Hello, Mar,
In both cases the law I used was the Ideal Gas Law. Other gas laws include:
- Boyle’s Law
- Charles' Law
- Gay-Lussac’s Law
None of these accounts for a change in number of moles of gas. The ideal gas law is:
PV = nRT,
where:
P is the pressure, V is the volume, n is the number of moles of gas, R is the gas constant, and T is the temperature in Kelvin. The units of P and V can be whatever is convenient (LO, ml, cm3, atm, mmHg, bar, etc.) as long as they are consistent in the problem AND if the gas constant, R, is chosen with the same units, so that they cancel properly. This law is derived from the first three laws. The temperature must always be Kelvin.
For both questions, we can use the ideal gas law and calculate the change in the unit that is unknown.

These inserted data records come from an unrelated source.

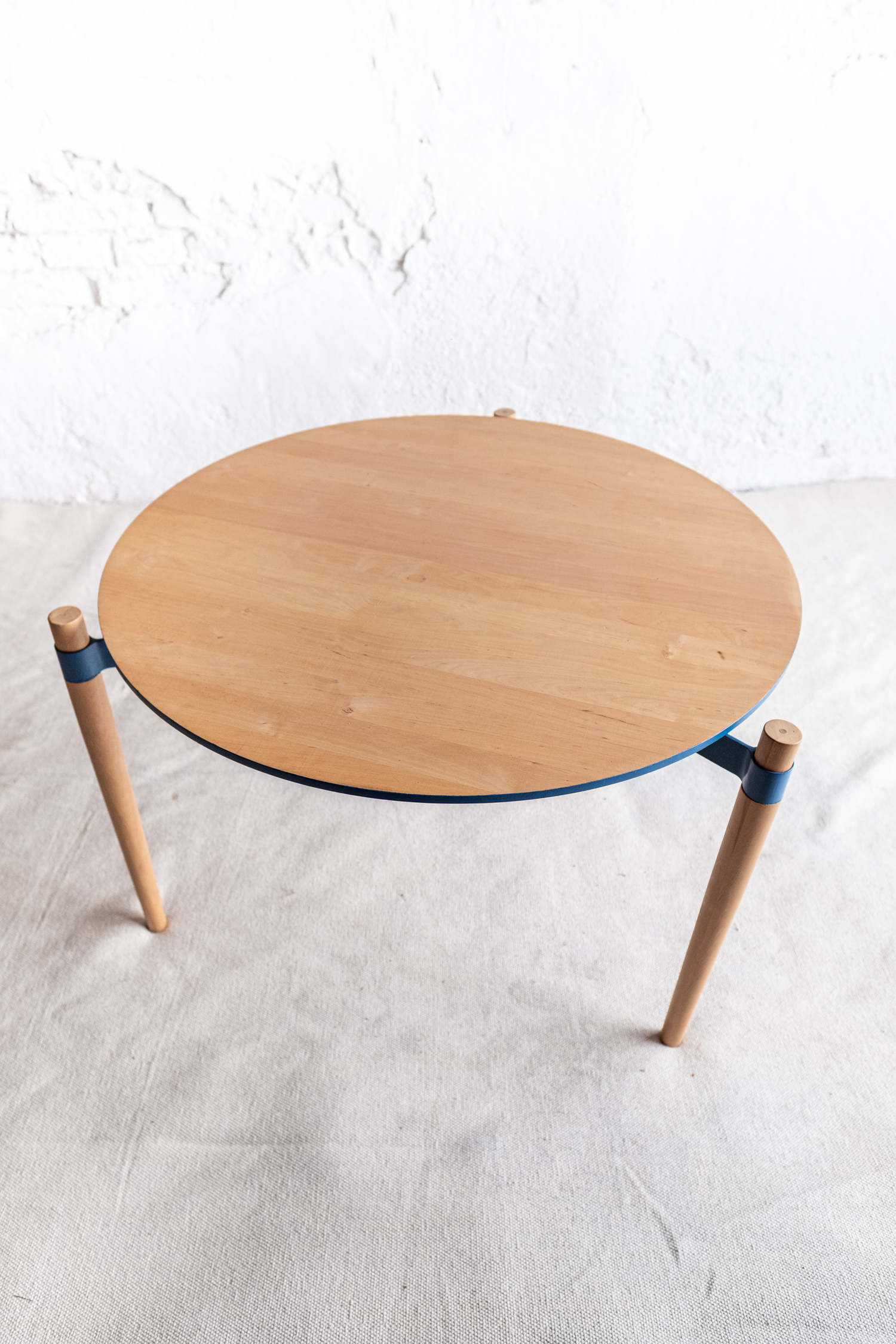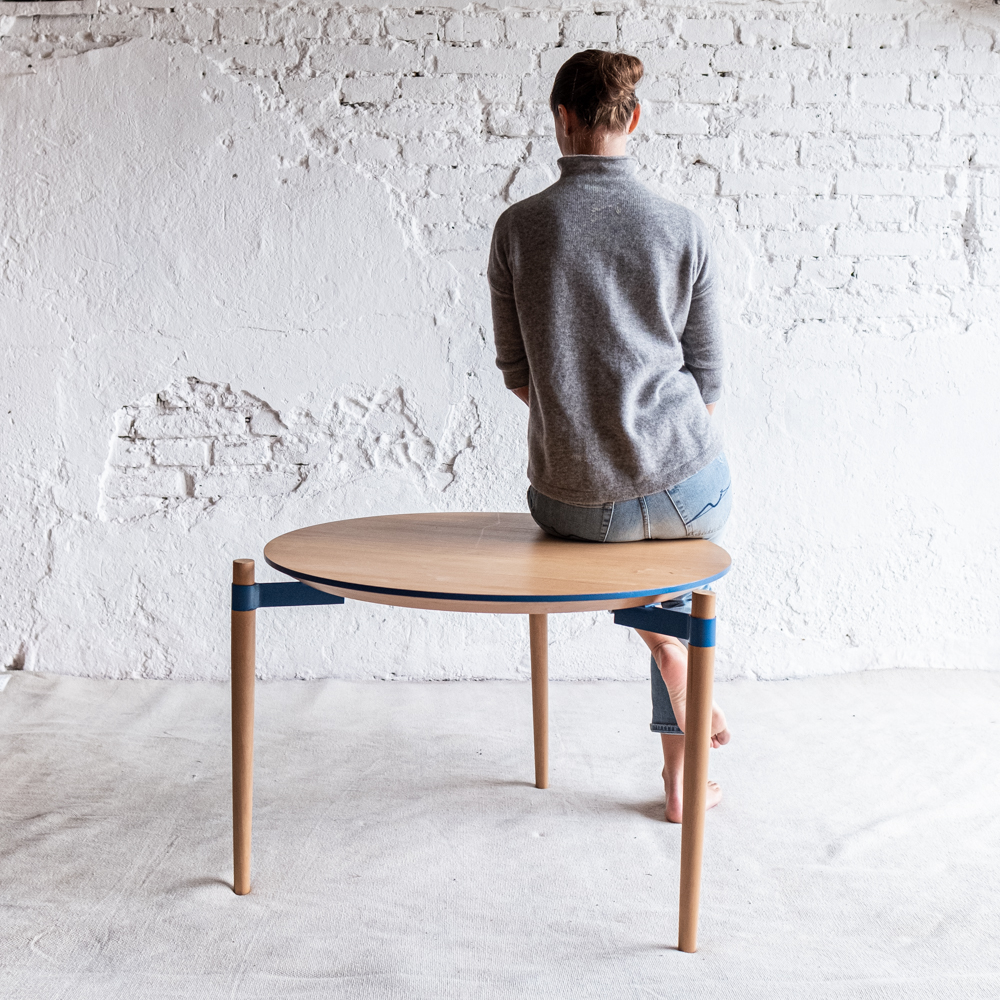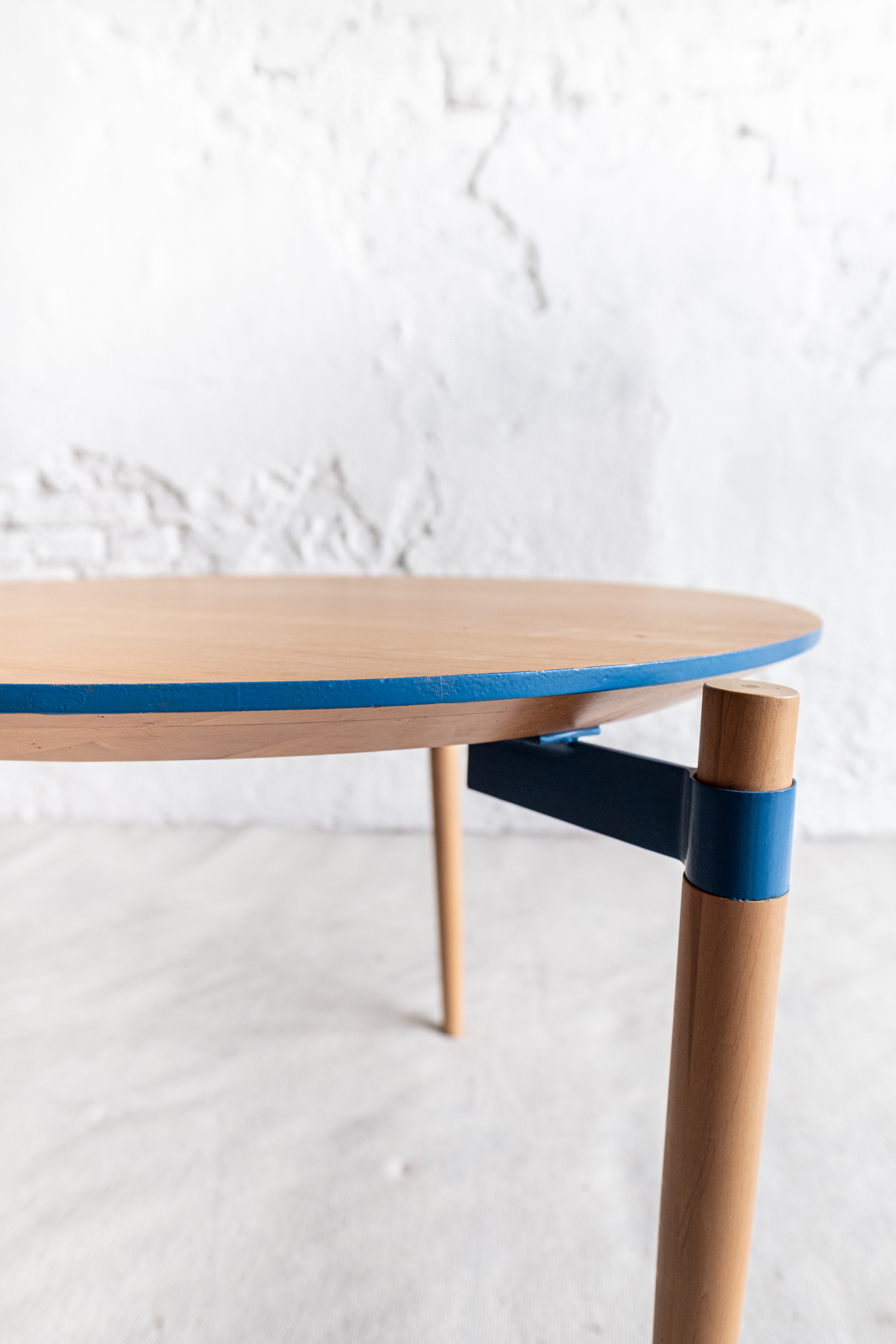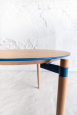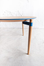 Kulatý konferenční stolek z jasanu pochází z naší dílny. Má velmi moderní ráz, ale tvarem nohou připomína styl brusel. Modrá barva kovových prvků se opakuje na hraně stolu, která je zešikmena.
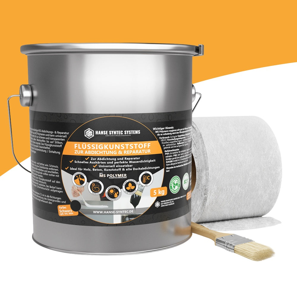 5Kg Dose Flüssigkunststoff, 1 Pinsel 38mm Breite, 1 Stück Verstärkungsvlies 1000 x 52,5cm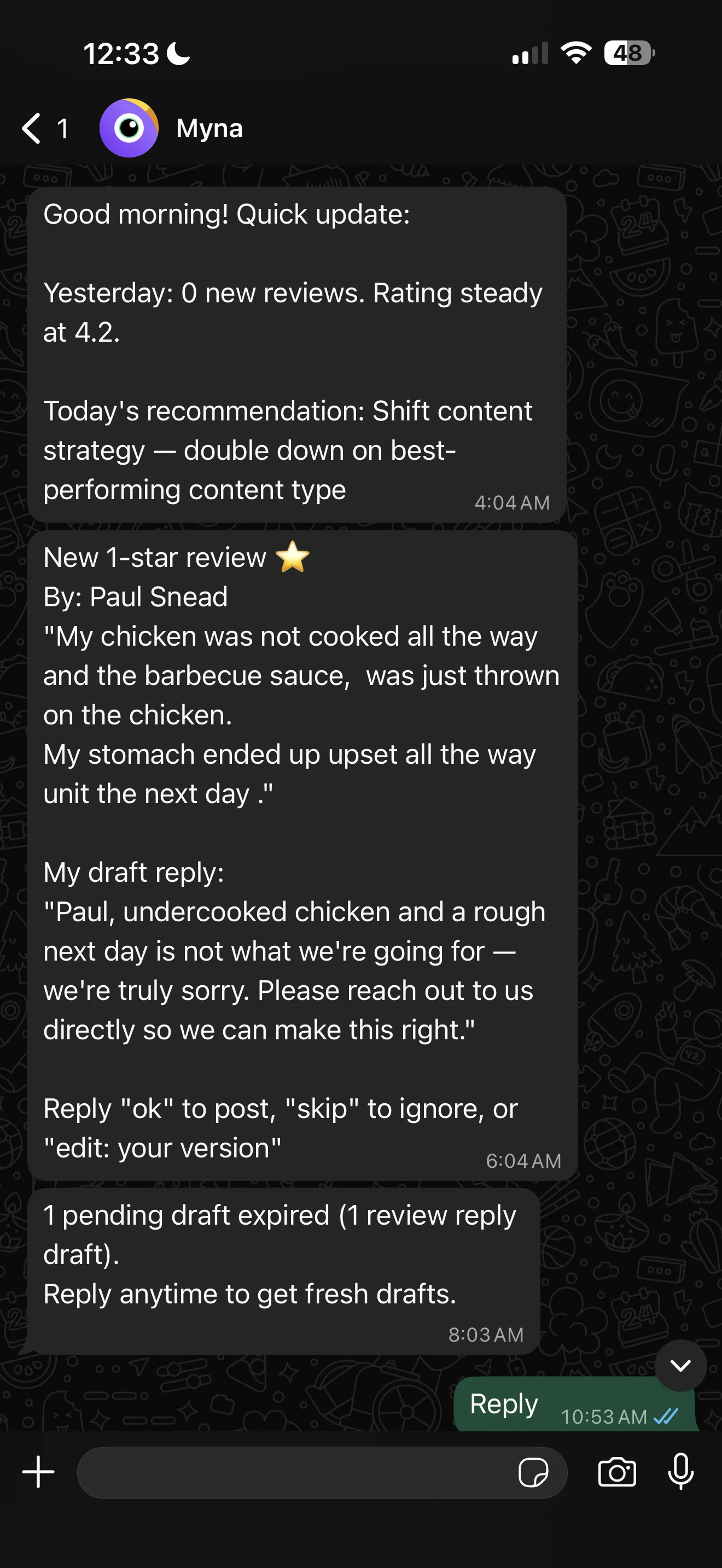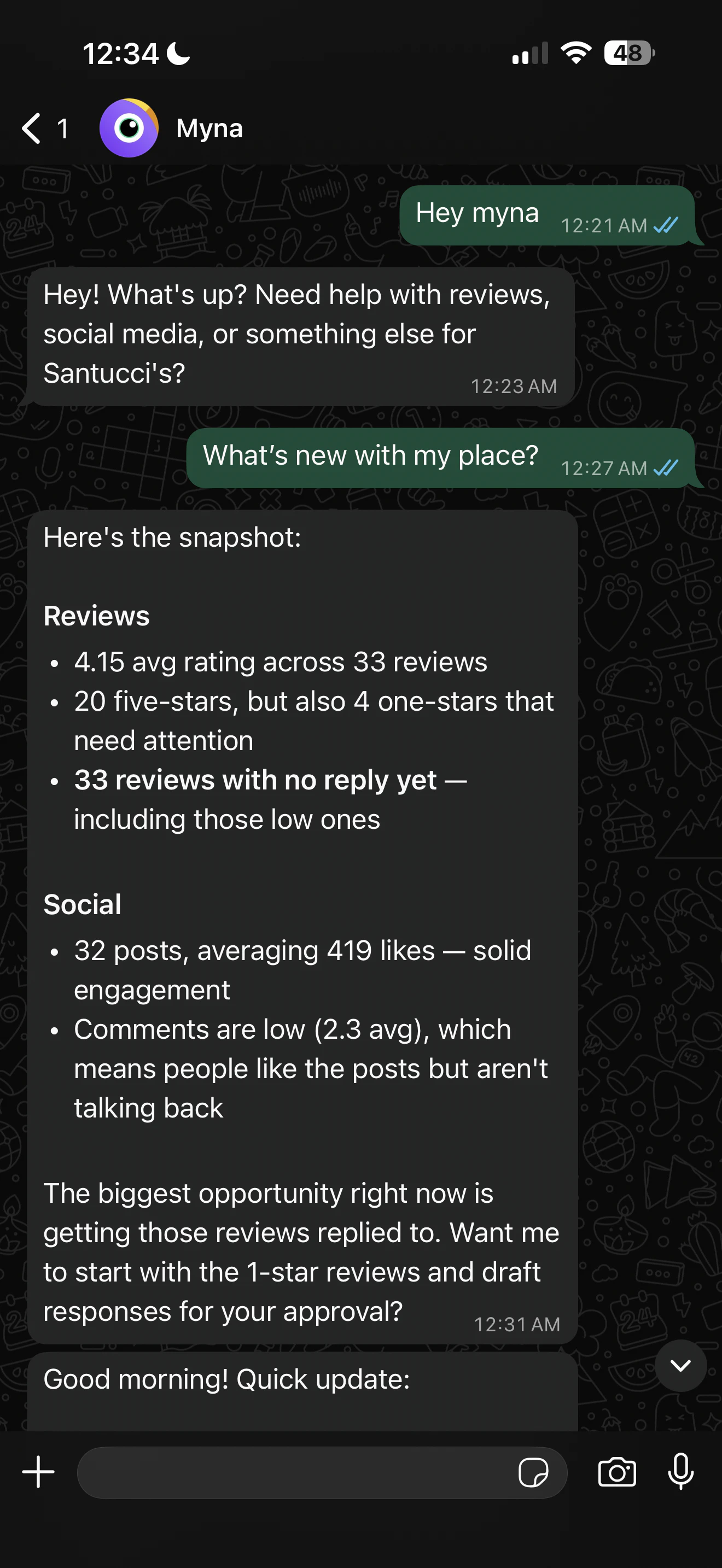 Myna is an AI consultant for local businesses, delivered through WhatsApp, Telegram, Slack, or Teams. Powered by a knowledge graph built from 64,000+ real businesses, it knows what works in your industry before you ask. It drafts review replies in your voice, generates social content, spots competitor moves, and delivers monthly strategy plans. Three modes: autopilot (it acts), copilot (you approve), or manual (just advice). The strategist small businesses could never afford, in a text message.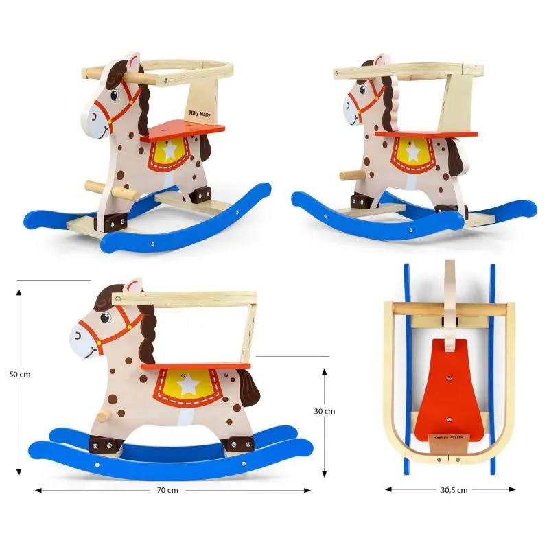 Izturīgs koks un krāsaini dekorēts;Kāju balsts;Pilnībā aizsargāts no visām pusēm pret izkrišanu;Augstums līdz sēdeklim: 30 cm.;Šūpuļzirdziņa augstums: 50 cm.;Šūpuļzirdziņa garums: 70 cm.;Šūpuļzirdziņa platums: 30,5 cm.;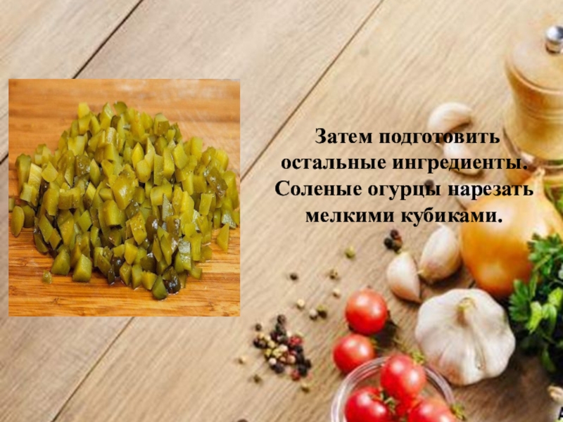 Слайд 20 Затем подготовить остальные ингредиенты. Соленые огурцы нарезать мелкими кубиками.

The first question asks for the change in volume when the amount of gas is decreased with constant temperature(T) and pressure(P).
If we use the subscripts 1 and 2 for initial and final conditions, we can write two equations for both conditions:
P1V1 = n1RT1, and
P2V2 = n2RT2
Divide the two:
(P1V1)/(P2V2) = (n1RT1)/(n2RT2)
The gas constant, R, cancels out and in the first question, both T and P are constant, so they also cancel out to give:
V1/V2 = n1/n2
Since we want V2, rearrange for V2: V2 = V1*(n2/n1)
This tells us that in we increase the number of moles, with everything but volume constant, we'll see a corresponding increase in volume. Makes sense to me.
Using the same logic, we can rearrange the same equation to find n2, since that is the variable in the second part.
Use those relationships to find V2 for the first question and n2 for the second.
Bob